Fig. 19. zeigt die dreiekige Boje im Maßstabe von 3/8 Zoll auf Einen Fuß. Fig. 20. stellt dieselbe vom Ende her gesehen dar. Sie besteht aus Korkstüken, die einen Fuß lang und sechs Zoll breit sind, und ungefähr 4/5 Zoll in der Dike halten. Sie werden dreifach auf einander, und dann mit ihren Enden neben einander gelegt, bis die gehörige Länge zum Vorscheine kommt (welche hier für den oberen Streifen 9 Fuß beträgt), und sodann mittelst Leistchen von gespaltenem spanischen Rohre, die auf allen 4 Seiten auf genähet werden, der Länge nach zu einem Streifen verbunden. Die verschiedenen, auf diese Weise gebildeten Streifen werden mittelst vier Seilen, qq, rr, welche zwischen jedem Streifen zusammen geschlungen werden, befestigt. Wenn man diese Boje braucht, wird sie unter dem Kiele durchgezogen, bis der untere Streifen denselben berührt, und dann an der anderen Seite heraufgezogen und an den Querbalken befestigt: die oberen Enden, q und r, werden gleichfalls an ihrer Seite heraufgezogen und an den Querbalken befestigt. Eben dieß geschieht mit der Boje an der gegenüberstehenden Seite. Fig. 21. zeigt diese Boje an den Seiten des Bothes befestigt im Maßstabe von 1/8 Zoll auf den Fuß. Fig. 22. stellt das Both von einem Ende der gesehen dar, und zeigt wie diese beiden Dreieke der Boje dicht in den Streifen liegen.

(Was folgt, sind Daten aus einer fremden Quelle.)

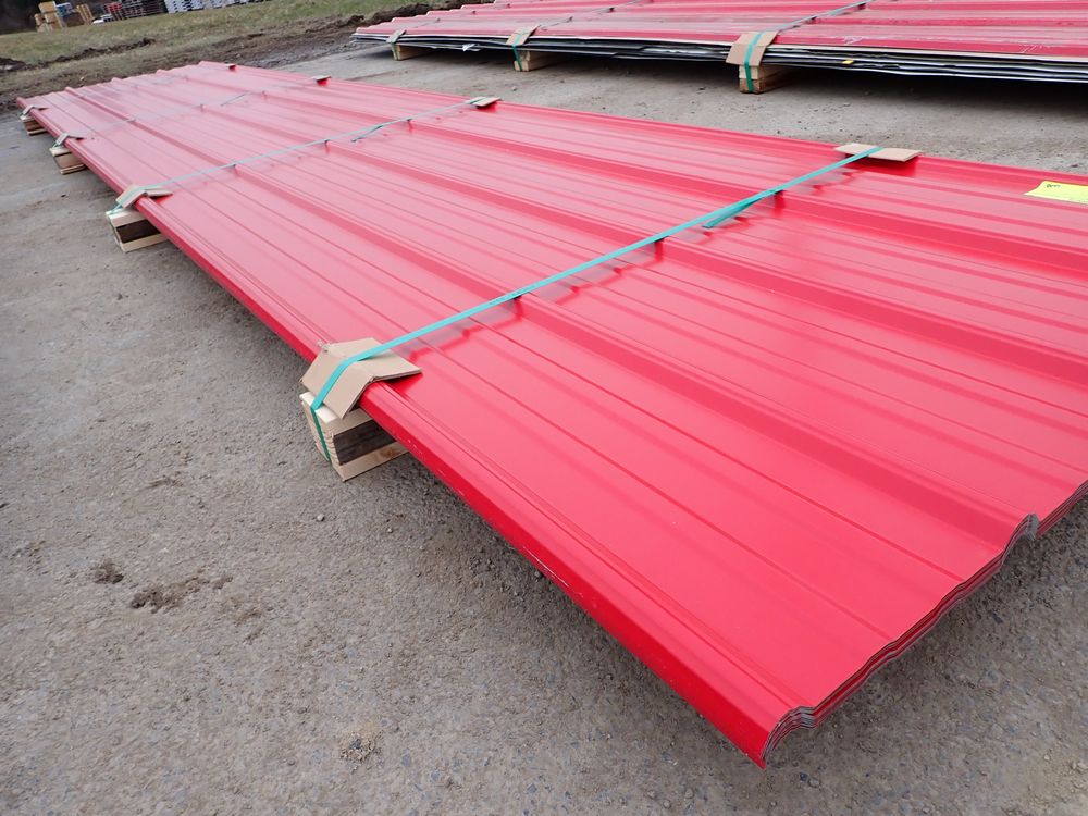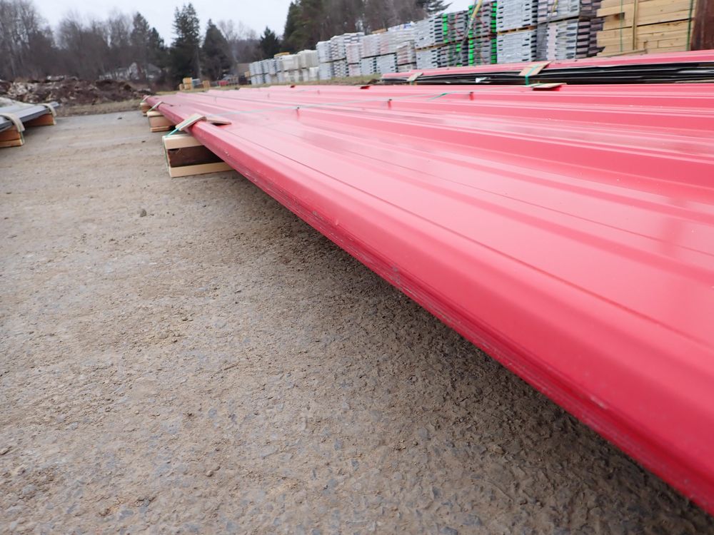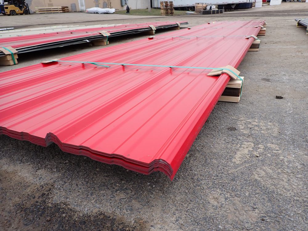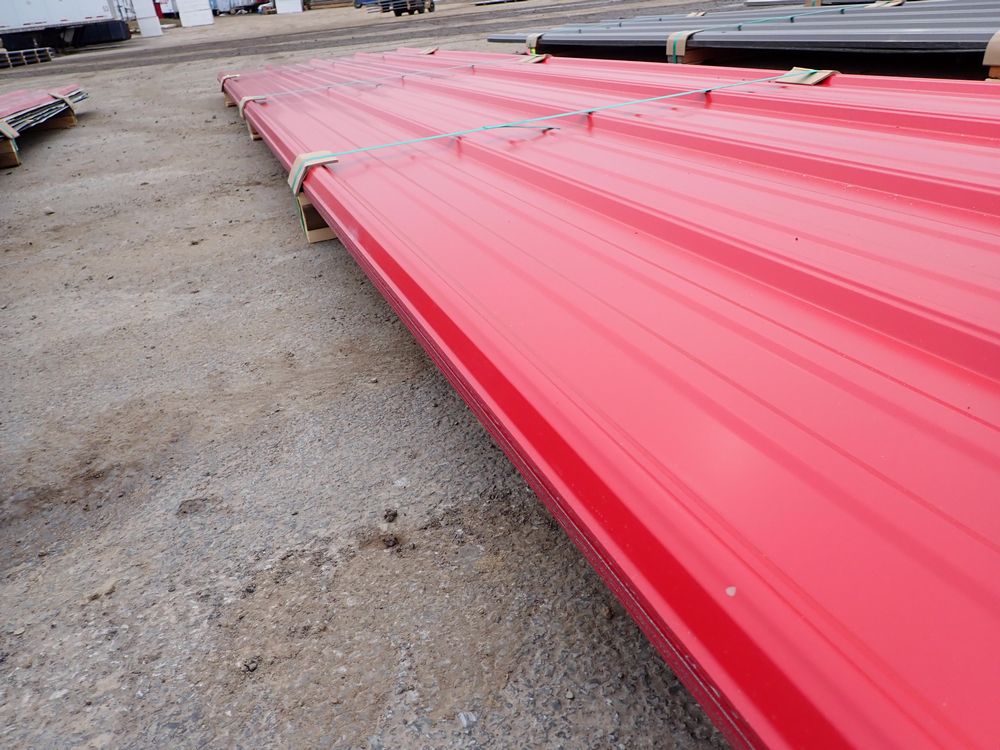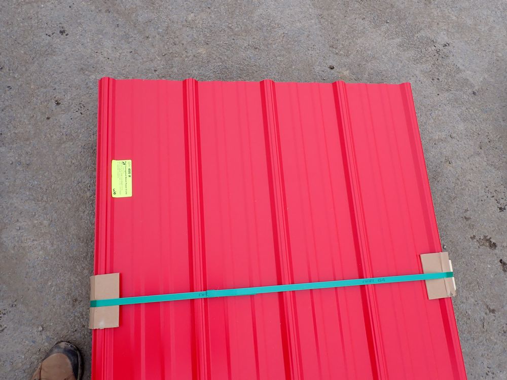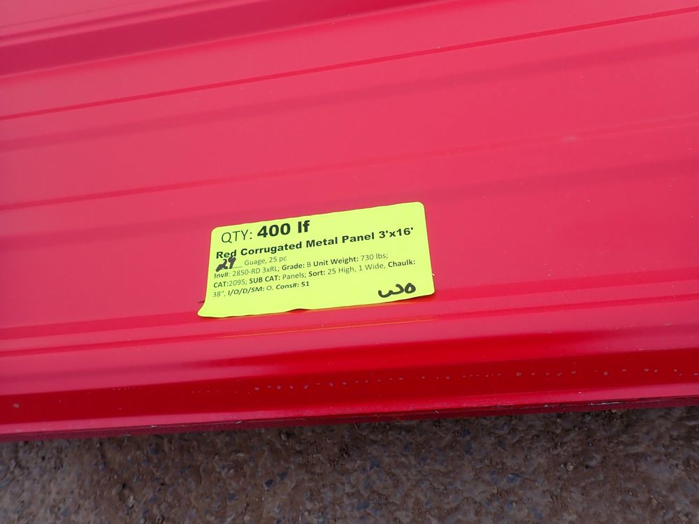 Red Corrugated Metal Panel 3'x16'. 29 Gauge, 17 Piece. Grade: B *Any manufacturer warranties are NOT VALID with any purchase at our Auctions unless stated otherwise.. Weight: 730 lbs.. Sold by: Linear Foot. Sold as: Quantity x Price.

Jeder Streifen des Dreiekes ist um Einen Fuß kürzer, als der über denselben gelegene: wenn der oberste 9 Fuß lang ist, ist der zweite, an demselben zunächst gelegene, 8 Fuß lang u.s.f. Jeder Streifen ist 6 Zoll breit, und ungefähr 4 Zoll dik, da er aus drei Lagen besteht. Zwei solche Bojen aus Kork halten vierzehn und zwei Drittel Cubicfuß Kork, und wiegen 226 Pfund 20 Loth. Sie drängen 944 Pfund 16 Loth Seewasser aus einer Stelle, und geben einem 28 Fuß langen, mit 24 Matrosen bemannten Bothe 717 Pfund 28 Loth Boje-Kraft.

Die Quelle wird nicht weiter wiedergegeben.